Input data |
───
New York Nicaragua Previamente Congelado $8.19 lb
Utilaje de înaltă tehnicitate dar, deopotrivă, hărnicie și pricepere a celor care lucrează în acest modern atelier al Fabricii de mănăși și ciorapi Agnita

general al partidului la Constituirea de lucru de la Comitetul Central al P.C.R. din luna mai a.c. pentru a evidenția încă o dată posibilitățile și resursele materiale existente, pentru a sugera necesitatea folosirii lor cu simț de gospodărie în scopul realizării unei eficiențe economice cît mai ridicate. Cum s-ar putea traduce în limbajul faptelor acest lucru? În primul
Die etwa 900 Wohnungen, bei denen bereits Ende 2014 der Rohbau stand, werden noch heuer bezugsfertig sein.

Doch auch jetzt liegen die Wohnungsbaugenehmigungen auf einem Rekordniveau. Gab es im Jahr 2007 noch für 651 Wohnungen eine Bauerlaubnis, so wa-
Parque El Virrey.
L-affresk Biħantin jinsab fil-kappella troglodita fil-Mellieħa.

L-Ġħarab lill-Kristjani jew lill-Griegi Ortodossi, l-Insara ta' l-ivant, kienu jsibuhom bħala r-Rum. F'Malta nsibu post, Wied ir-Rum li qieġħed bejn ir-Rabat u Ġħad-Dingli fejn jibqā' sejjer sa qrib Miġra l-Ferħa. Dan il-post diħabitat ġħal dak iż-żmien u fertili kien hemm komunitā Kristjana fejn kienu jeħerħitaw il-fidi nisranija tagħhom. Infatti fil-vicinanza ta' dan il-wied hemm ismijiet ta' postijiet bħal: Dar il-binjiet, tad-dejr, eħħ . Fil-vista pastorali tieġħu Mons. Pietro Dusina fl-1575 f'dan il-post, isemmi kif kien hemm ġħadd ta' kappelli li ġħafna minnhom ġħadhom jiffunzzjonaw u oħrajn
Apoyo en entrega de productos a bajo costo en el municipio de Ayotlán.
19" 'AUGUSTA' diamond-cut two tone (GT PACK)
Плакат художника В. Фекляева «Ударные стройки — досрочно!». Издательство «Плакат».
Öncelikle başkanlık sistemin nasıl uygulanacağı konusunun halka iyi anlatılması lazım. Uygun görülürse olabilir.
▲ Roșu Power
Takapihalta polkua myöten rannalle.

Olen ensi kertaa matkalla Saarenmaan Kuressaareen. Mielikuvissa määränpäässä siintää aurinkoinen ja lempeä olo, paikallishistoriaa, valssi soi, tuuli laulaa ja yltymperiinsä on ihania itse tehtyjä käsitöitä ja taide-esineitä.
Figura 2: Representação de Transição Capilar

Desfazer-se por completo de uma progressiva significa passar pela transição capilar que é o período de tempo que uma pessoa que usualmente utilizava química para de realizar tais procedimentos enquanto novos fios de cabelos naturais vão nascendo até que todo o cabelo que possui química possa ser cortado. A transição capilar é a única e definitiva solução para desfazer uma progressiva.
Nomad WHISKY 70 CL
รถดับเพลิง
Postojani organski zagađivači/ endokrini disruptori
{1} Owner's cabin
───
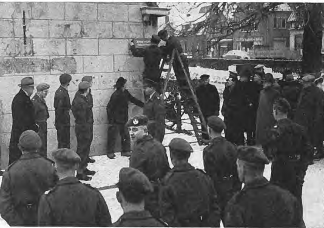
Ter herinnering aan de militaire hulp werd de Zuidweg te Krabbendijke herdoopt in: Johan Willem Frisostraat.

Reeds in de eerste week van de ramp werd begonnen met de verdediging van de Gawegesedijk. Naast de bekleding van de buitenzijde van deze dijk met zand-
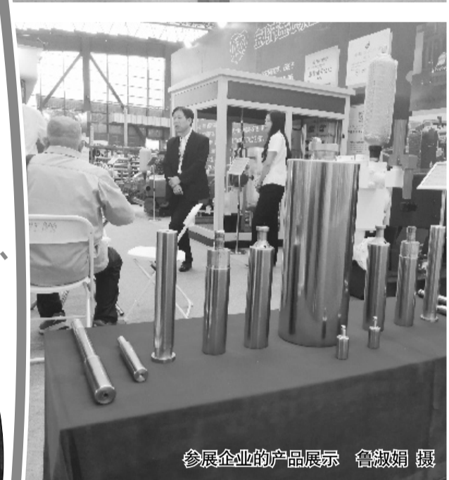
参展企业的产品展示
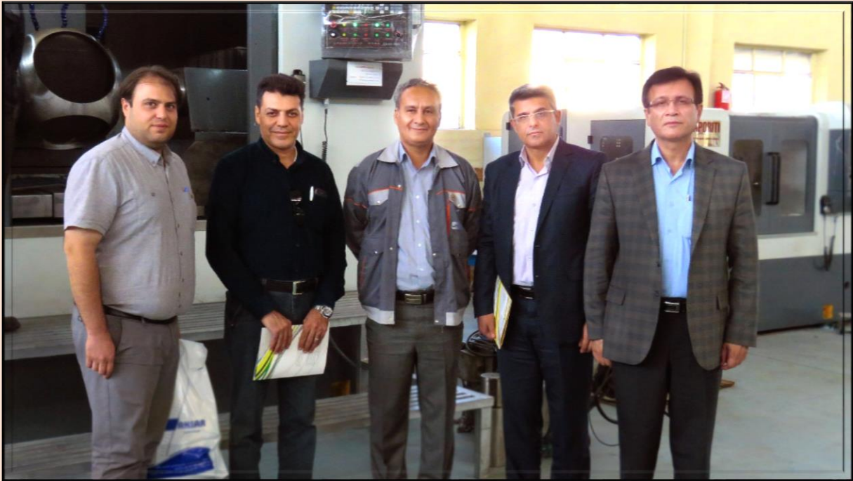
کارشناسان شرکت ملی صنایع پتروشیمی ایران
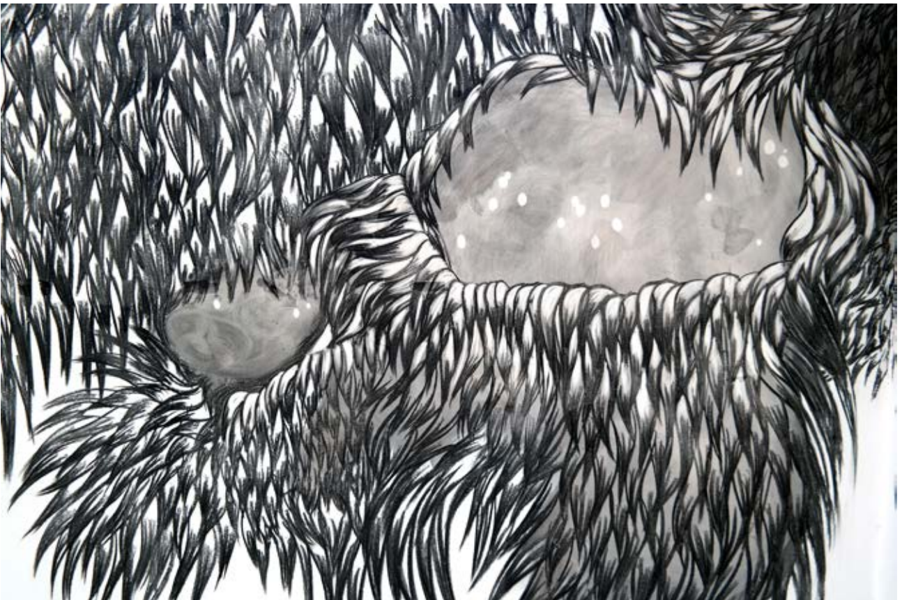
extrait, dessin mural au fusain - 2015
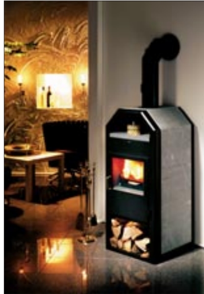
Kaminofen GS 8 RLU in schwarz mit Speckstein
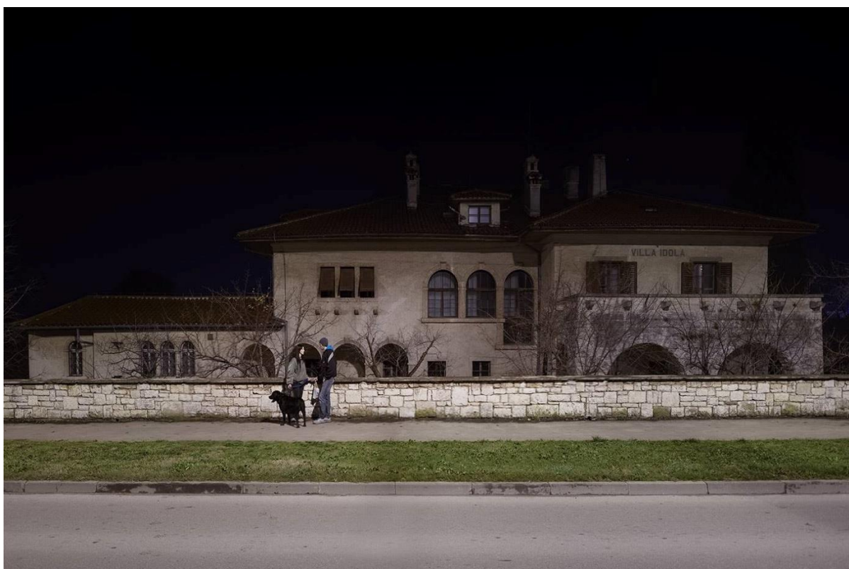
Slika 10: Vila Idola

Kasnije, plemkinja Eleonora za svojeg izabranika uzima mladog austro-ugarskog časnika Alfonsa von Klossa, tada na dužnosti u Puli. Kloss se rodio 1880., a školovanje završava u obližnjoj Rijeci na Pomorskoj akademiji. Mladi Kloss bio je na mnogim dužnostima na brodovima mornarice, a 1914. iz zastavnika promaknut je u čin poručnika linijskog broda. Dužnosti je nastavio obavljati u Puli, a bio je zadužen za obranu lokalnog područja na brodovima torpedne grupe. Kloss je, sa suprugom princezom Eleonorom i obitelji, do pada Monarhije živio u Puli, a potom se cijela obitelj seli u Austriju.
───
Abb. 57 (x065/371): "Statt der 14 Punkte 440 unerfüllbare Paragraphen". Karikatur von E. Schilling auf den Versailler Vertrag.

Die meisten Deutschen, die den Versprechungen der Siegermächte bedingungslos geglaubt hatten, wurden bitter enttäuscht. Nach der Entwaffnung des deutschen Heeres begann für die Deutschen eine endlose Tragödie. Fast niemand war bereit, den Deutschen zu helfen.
───
What lines above hold the word "acest"? List them all.

Utilaje de înaltă tehnicitate dar, deopotrivă, hărnicie și pricepere a celor care lucrează în acest modern atelier al Fabricii de mănăși și ciorapi Agnita
general al partidului la Constituirea de lucru de la Comitetul Central al P.C.R. din luna mai a.c. pentru a evidenția încă o dată posibilitățile și resursele materiale existente, pentru a sugera necesitatea folosirii lor cu simț de gospodărie în scopul realizării unei eficiențe economice cît mai ridicate. Cum s-ar putea traduce în limbajul faptelor acest lucru? În primul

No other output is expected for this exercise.